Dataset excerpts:
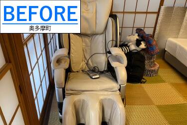 奥多摩町でマッサージチェアの処分ならオラフグループにお任せ下さい!地域最安値の料金で使わなくなったマッサージチェアを処分します。マッサージチェアの搬出作業は無料で対応します。重くて部屋から出せないマッサージチェアでも当社専門のプロスタッフに遠慮なくお任せ下さい!お見積もりは24時間365日無料で受付中。
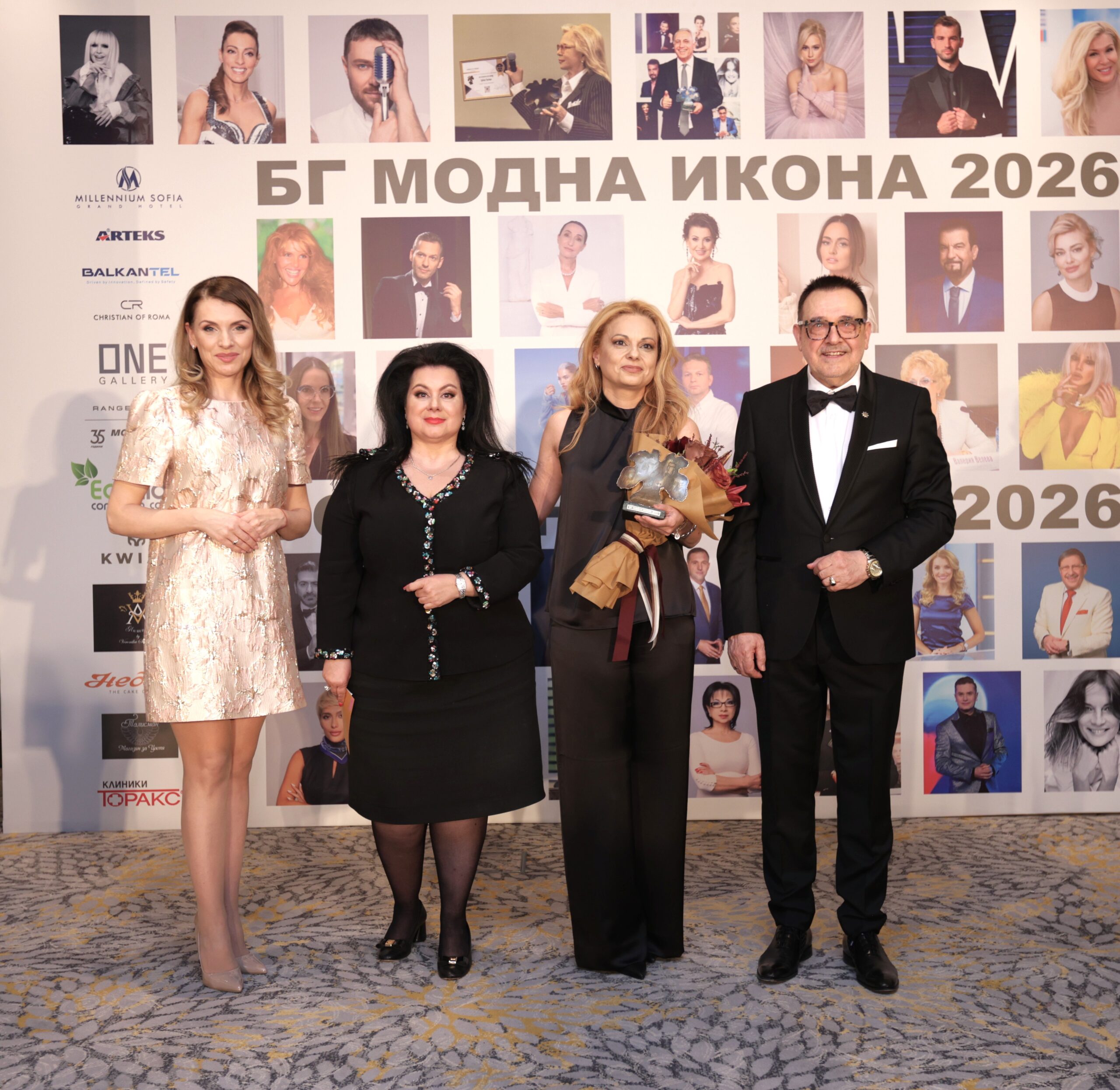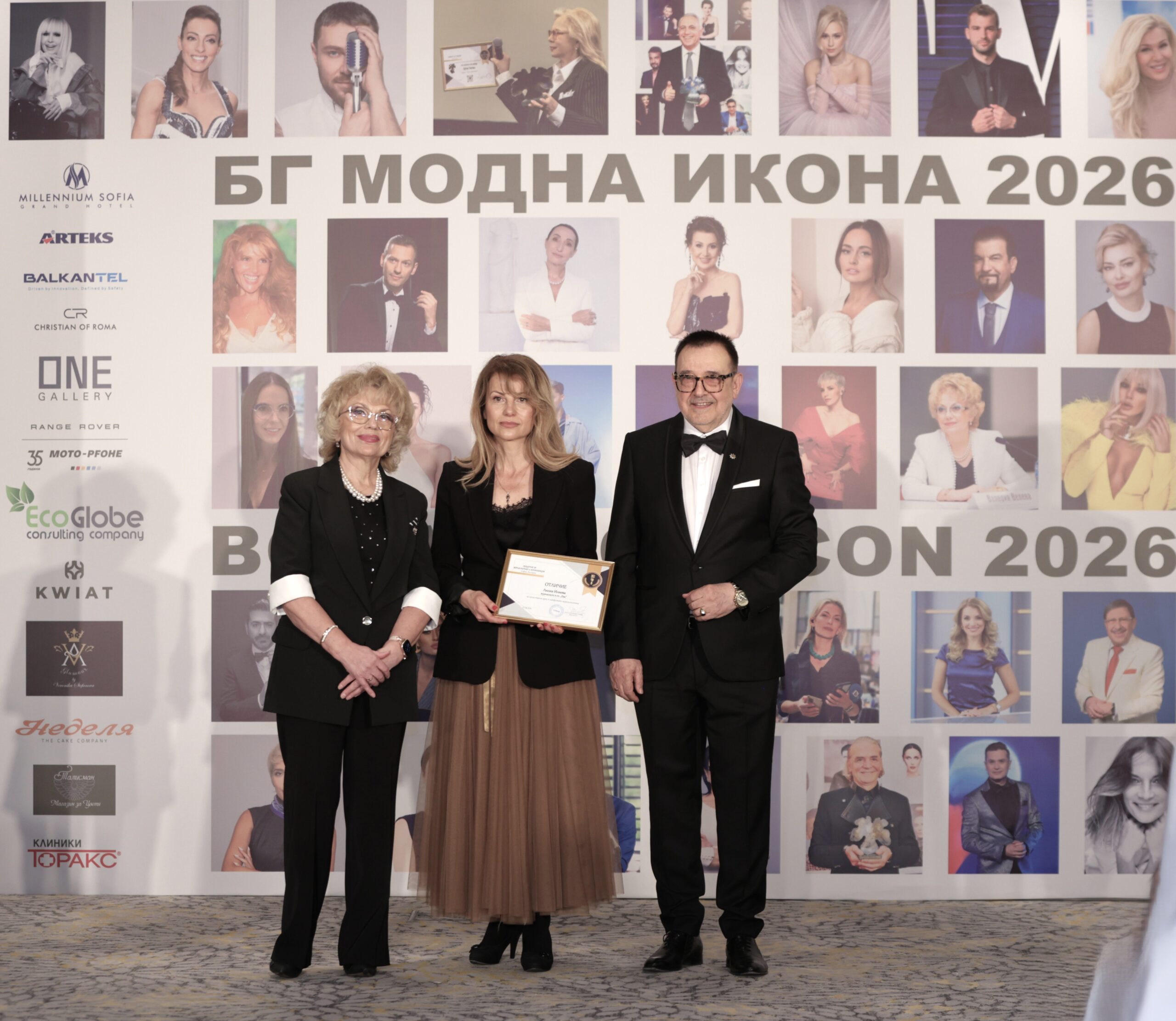 На изискана церемония в „Гранд хотел Милениум София“ бяха връчени Годишните награди на Академията за мода за успех и стил „БГ модна икона 2026”. С красивите статуетки бяха удостоени Антоанета Добрева – Нети в категория „Кино и театър“, Михаела Маринова в категория „Музика“, Орлин Павлов в категория „Изкуство“, Кубрат Пулев в категория „Спорт“, водещата на bTV Новините Лиляна Боянова в категория „Медии и журналистика“ и водещата на централната емисия „По света и у нас“ по БНТ Аделина Радева категория „Медии и журналистика“. Според традицията на Академията за мода, критериите известни български личности да получат статут на БГ модна икона, са качества и добродетели като високи професионални постижения, безупречна култура, морал и репутация, изискан и модерен вкус и стил, социална и хуманна ангажираност.
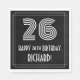 This Roaring Twenties inspired birthday paper napkin design features a large Art Deco style inspired number "26", the message "HAPPY 26th BIRTHDAY,", a custom name, and a border pattern consisting of lines. Fun, personalized birthday themed paper napkins like this might be used at somebody’s twenty sixth birthday celebration. [~Z0000395]
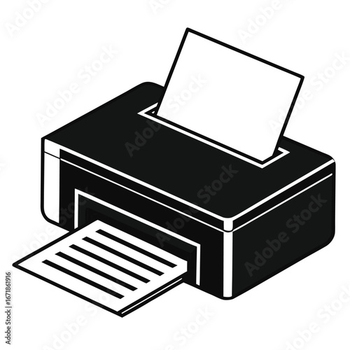 printer, printing, office, technology, equipment, machine, document, paper, output, copy, scan, fax, electronic, device, black, white, isometric, illustration, graphic, icon, symbol, modern, business, work, datum, information
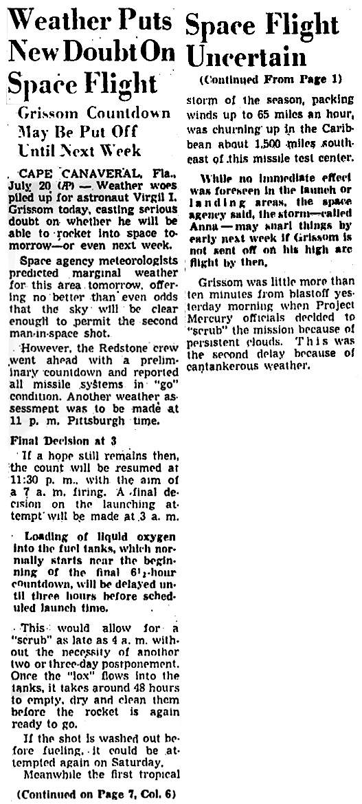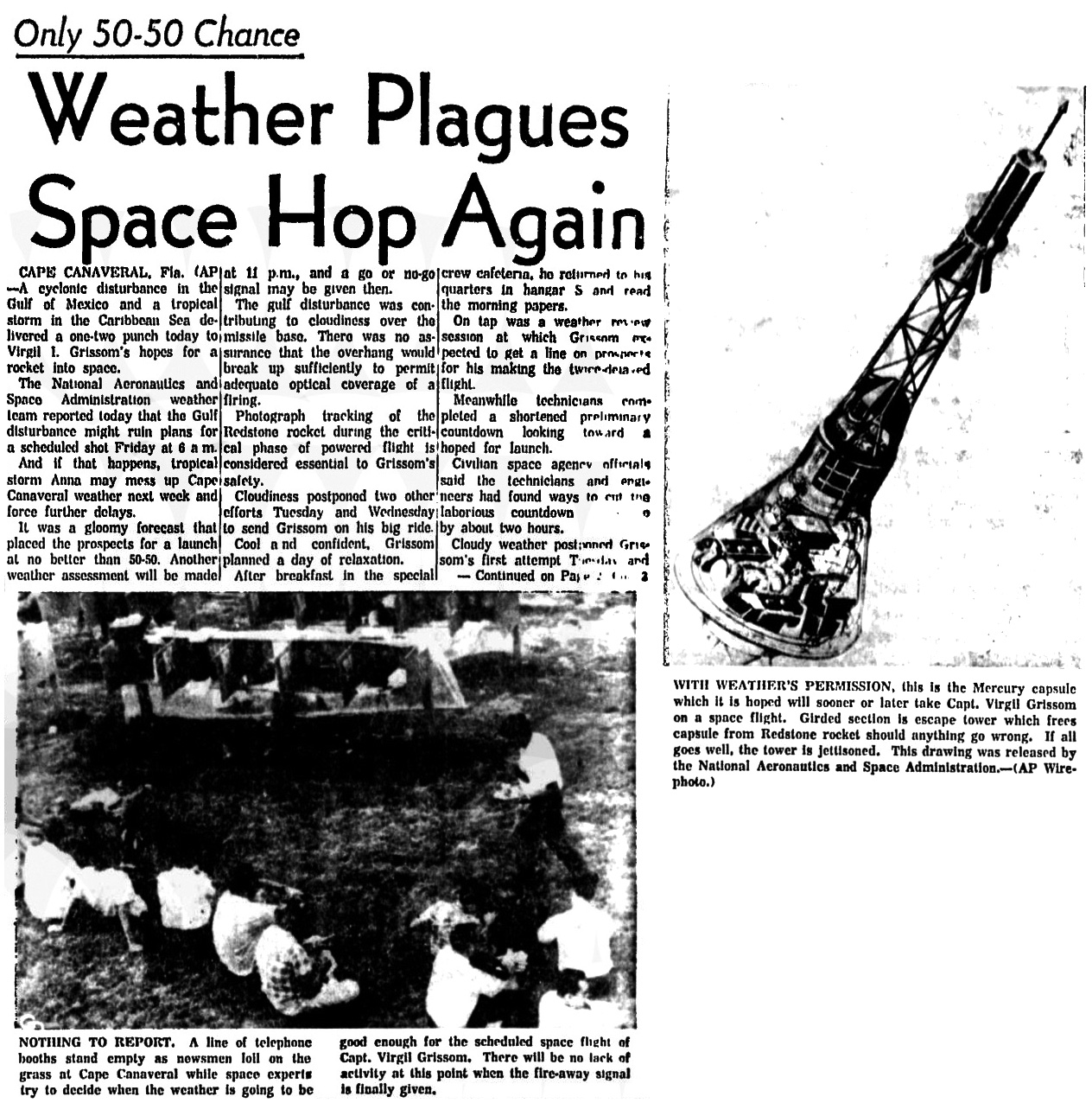 Мыс Канаверал, штат Флорида. Астронавт Гриссом провел четыре часа наверху ракеты «Редстоун», ожидая своего полета в космос. Но второй раз подряд погода вынудила отменить запуск и запуск был перенесен на сегодня (на пятницу).
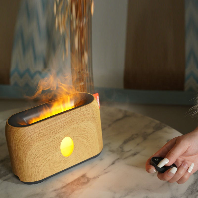 加湿器の水蒸気とLEDライトの灯りを巧みに組み合わせることで、炎が燃えているように演出しています。
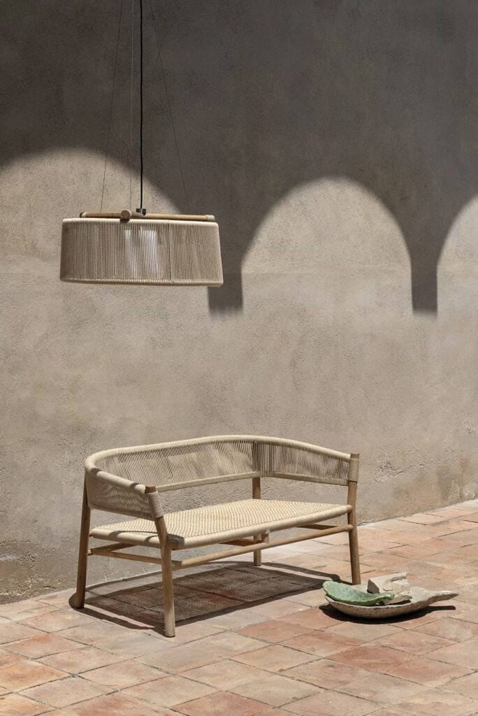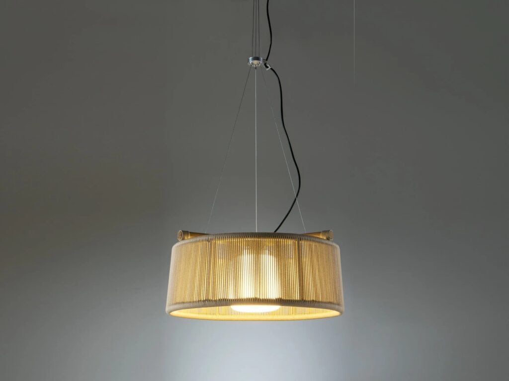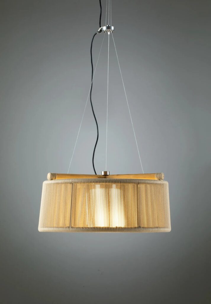 Dank des grossen Durchmessers der Leuchte breitet sich das Licht gleichmässig aus und der Diffusor mit opalem Finish schafft eine warme und einladende Atmosphäre. Das Seil spannt sich und umschlingt, wie auf einem Gestänge, den Teakholz-Lampenschirm, sodass das Licht gefiltert wird und angenehme Lichteffekte im Freien entstehen. Die auf diese Weise neu interpretierte Kollektion Kilt erreicht eine neue „Dimension“, mit der Veranden, Freisitze, Terrassen und Grossstadtbalkone beleuchtet und aufgewertet werden können. Ausserdem verleiht sie der Inneneinrichtung einen überraschenden und persönlichen Touch von Leichtigkeit und Modernität.

ACTIVITY: In the copy, no pictures should appear; the records themselves must be repeated exactly.

YOUR RESPONSE:
 奥多摩町でマッサージチェアの処分ならオラフグループにお任せ下さい!地域最安値の料金で使わなくなったマッサージチェアを処分します。マッサージチェアの搬出作業は無料で対応します。重くて部屋から出せないマッサージチェアでも当社専門のプロスタッフに遠慮なくお任せ下さい!お見積もりは24時間365日無料で受付中。
 На изискана церемония в „Гранд хотел Милениум София“ бяха връчени Годишните награди на Академията за мода за успех и стил „БГ модна икона 2026”. С красивите статуетки бяха удостоени Антоанета Добрева – Нети в категория „Кино и театър“, Михаела Маринова в категория „Музика“, Орлин Павлов в категория „Изкуство“, Кубрат Пулев в категория „Спорт“, водещата на bTV Новините Лиляна Боянова в категория „Медии и журналистика“ и водещата на централната емисия „По света и у нас“ по БНТ Аделина Радева категория „Медии и журналистика“. Според традицията на Академията за мода, критериите известни български личности да получат статут на БГ модна икона, са качества и добродетели като високи професионални постижения, безупречна култура, морал и репутация, изискан и модерен вкус и стил, социална и хуманна ангажираност.
 This Roaring Twenties inspired birthday paper napkin design features a large Art Deco style inspired number "26", the message "HAPPY 26th BIRTHDAY,", a custom name, and a border pattern consisting of lines. Fun, personalized birthday themed paper napkins like this might be used at somebody’s twenty sixth birthday celebration. [~Z0000395]
 printer, printing, office, technology, equipment, machine, document, paper, output, copy, scan, fax, electronic, device, black, white, isometric, illustration, graphic, icon, symbol, modern, business, work, datum, information
 Мыс Канаверал, штат Флорида. Астронавт Гриссом провел четыре часа наверху ракеты «Редстоун», ожидая своего полета в космос. Но второй раз подряд погода вынудила отменить запуск и запуск был перенесен на сегодня (на пятницу).
 加湿器の水蒸気とLEDライトの灯りを巧みに組み合わせることで、炎が燃えているように演出しています。
 Dank des grossen Durchmessers der Leuchte breitet sich das Licht gleichmässig aus und der Diffusor mit opalem Finish schafft eine warme und einladende Atmosphäre. Das Seil spannt sich und umschlingt, wie auf einem Gestänge, den Teakholz-Lampenschirm, sodass das Licht gefiltert wird und angenehme Lichteffekte im Freien entstehen. Die auf diese Weise neu interpretierte Kollektion Kilt erreicht eine neue „Dimension“, mit der Veranden, Freisitze, Terrassen und Grossstadtbalkone beleuchtet und aufgewertet werden können. Ausserdem verleiht sie der Inneneinrichtung einen überraschenden und persönlichen Touch von Leichtigkeit und Modernität.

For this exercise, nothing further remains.